## [Your objective]
When you return the data, keep every word exact and include none of the images.

## [Information shown]
□ □ □ □ □ □ □

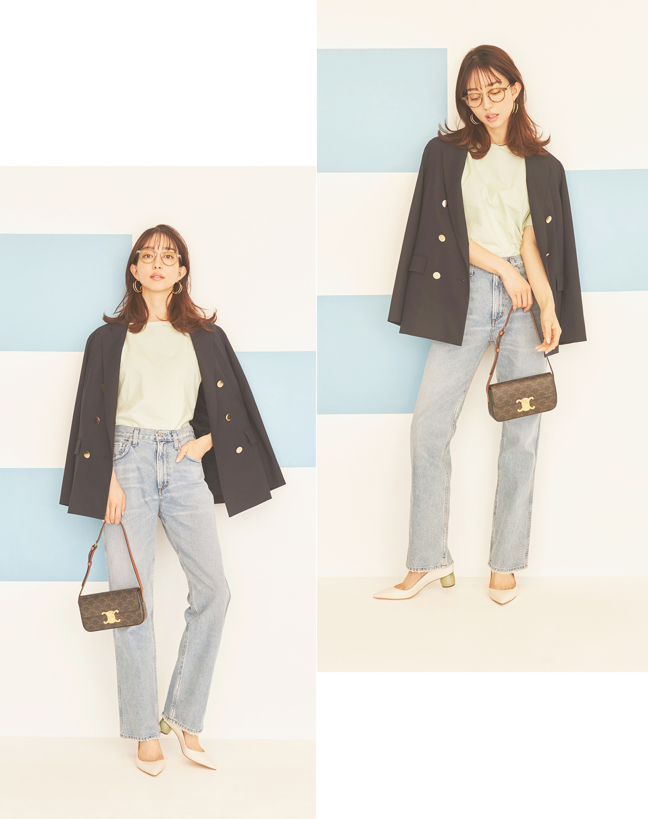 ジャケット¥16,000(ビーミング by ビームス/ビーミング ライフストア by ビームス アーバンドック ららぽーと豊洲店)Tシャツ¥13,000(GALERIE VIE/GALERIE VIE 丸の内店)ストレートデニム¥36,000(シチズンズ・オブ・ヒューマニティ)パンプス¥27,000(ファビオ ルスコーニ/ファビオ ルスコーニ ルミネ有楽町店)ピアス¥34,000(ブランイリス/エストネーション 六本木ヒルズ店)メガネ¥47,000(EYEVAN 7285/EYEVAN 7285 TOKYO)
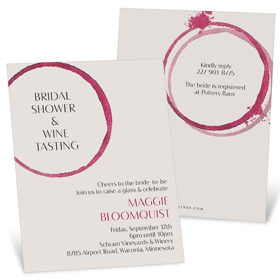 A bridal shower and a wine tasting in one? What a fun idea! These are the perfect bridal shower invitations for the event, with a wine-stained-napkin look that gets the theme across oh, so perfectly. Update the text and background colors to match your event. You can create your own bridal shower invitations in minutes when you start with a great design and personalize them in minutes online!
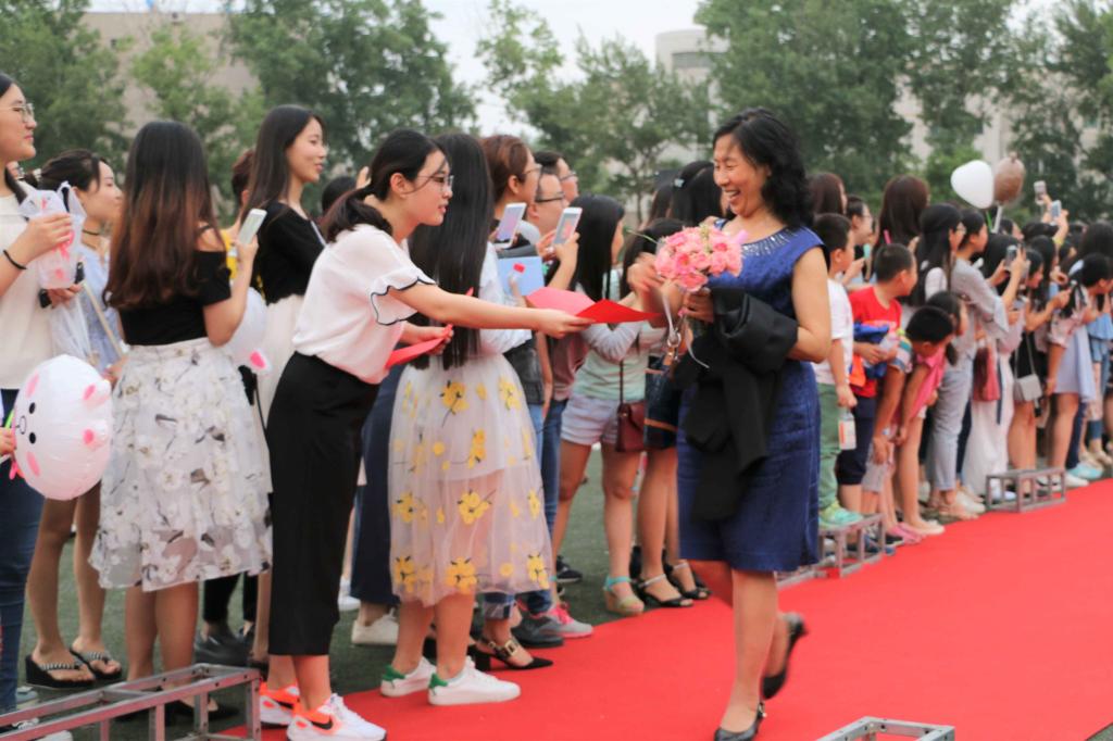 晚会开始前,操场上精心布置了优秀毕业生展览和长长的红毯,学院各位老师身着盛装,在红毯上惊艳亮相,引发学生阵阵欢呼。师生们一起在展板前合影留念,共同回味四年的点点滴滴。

□ □ □ □ □ □ □

## [Response for this exercise]
 ジャケット¥16,000(ビーミング by ビームス/ビーミング ライフストア by ビームス アーバンドック ららぽーと豊洲店)Tシャツ¥13,000(GALERIE VIE/GALERIE VIE 丸の内店)ストレートデニム¥36,000(シチズンズ・オブ・ヒューマニティ)パンプス¥27,000(ファビオ ルスコーニ/ファビオ ルスコーニ ルミネ有楽町店)ピアス¥34,000(ブランイリス/エストネーション 六本木ヒルズ店)メガネ¥47,000(EYEVAN 7285/EYEVAN 7285 TOKYO)
 A bridal shower and a wine tasting in one? What a fun idea! These are the perfect bridal shower invitations for the event, with a wine-stained-napkin look that gets the theme across oh, so perfectly. Update the text and background colors to match your event. You can create your own bridal shower invitations in minutes when you start with a great design and personalize them in minutes online!
 晚会开始前,操场上精心布置了优秀毕业生展览和长长的红毯,学院各位老师身着盛装,在红毯上惊艳亮相,引发学生阵阵欢呼。师生们一起在展板前合影留念,共同回味四年的点点滴滴。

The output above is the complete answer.